_PROBLEM STATEMENT_. Exactly the lines from the one containing "1999 Boston Red" through the one containing "Only 1 Droid" in the listing below are to be copied, with the pictures left out.

_PROVIDED MATERIAL_.
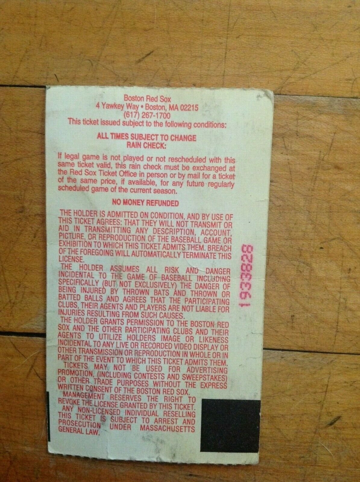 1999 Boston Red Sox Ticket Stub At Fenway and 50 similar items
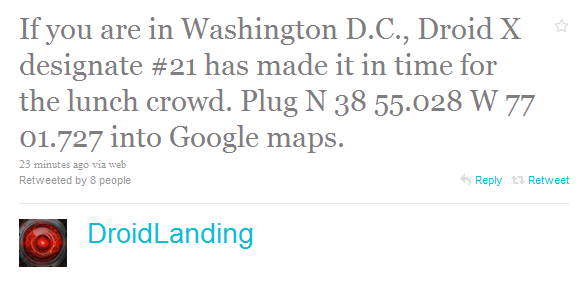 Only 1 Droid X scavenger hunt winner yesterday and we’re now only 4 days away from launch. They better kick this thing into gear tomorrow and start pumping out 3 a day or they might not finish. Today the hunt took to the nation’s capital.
...
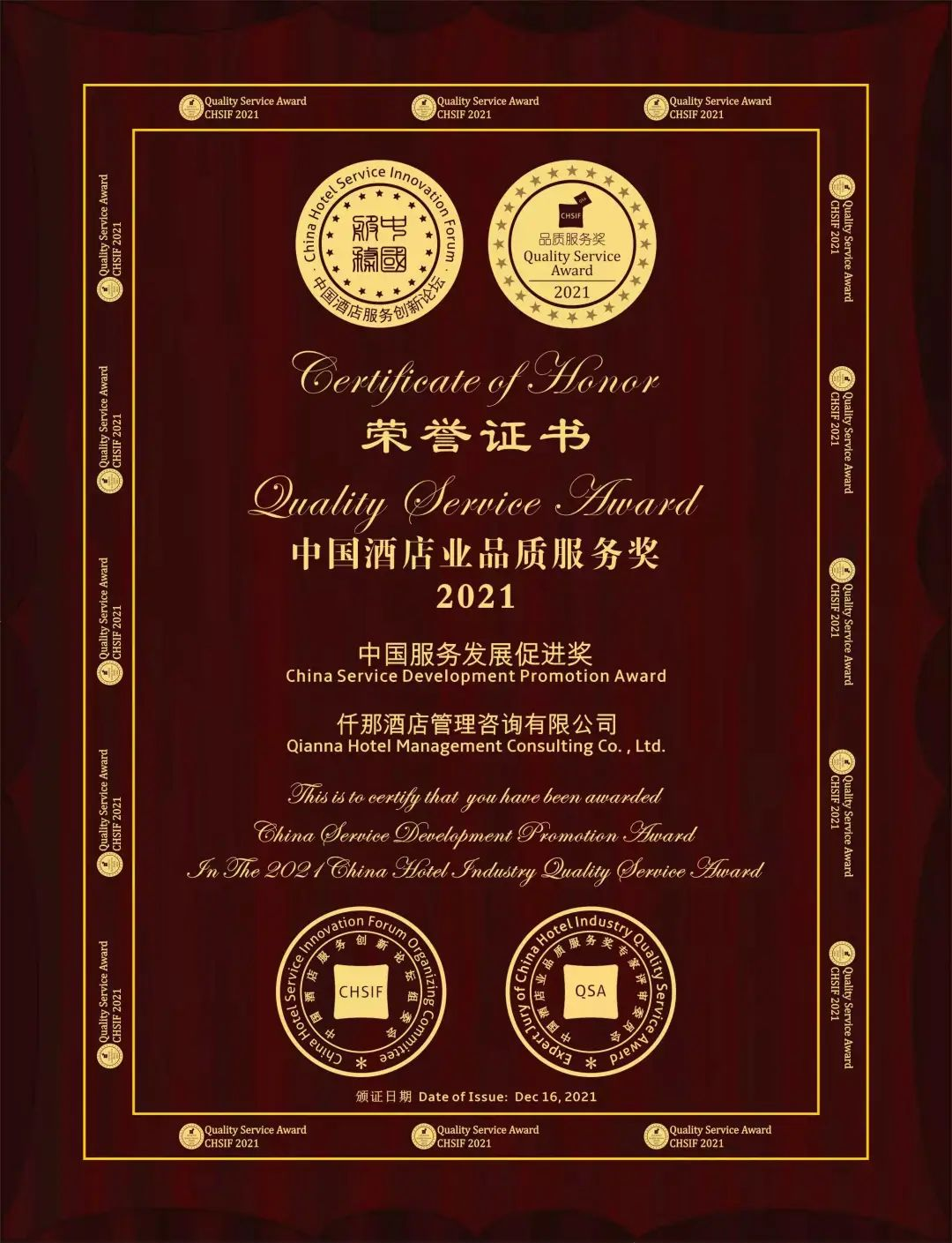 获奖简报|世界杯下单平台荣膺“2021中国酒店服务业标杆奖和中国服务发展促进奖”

_WRITTEN ANSWER_.
 1999 Boston Red Sox Ticket Stub At Fenway and 50 similar items
 Only 1 Droid X scavenger hunt winner yesterday and we’re now only 4 days away from launch. They better kick this thing into gear tomorrow and start pumping out 3 a day or they might not finish. Today the hunt took to the nation’s capital.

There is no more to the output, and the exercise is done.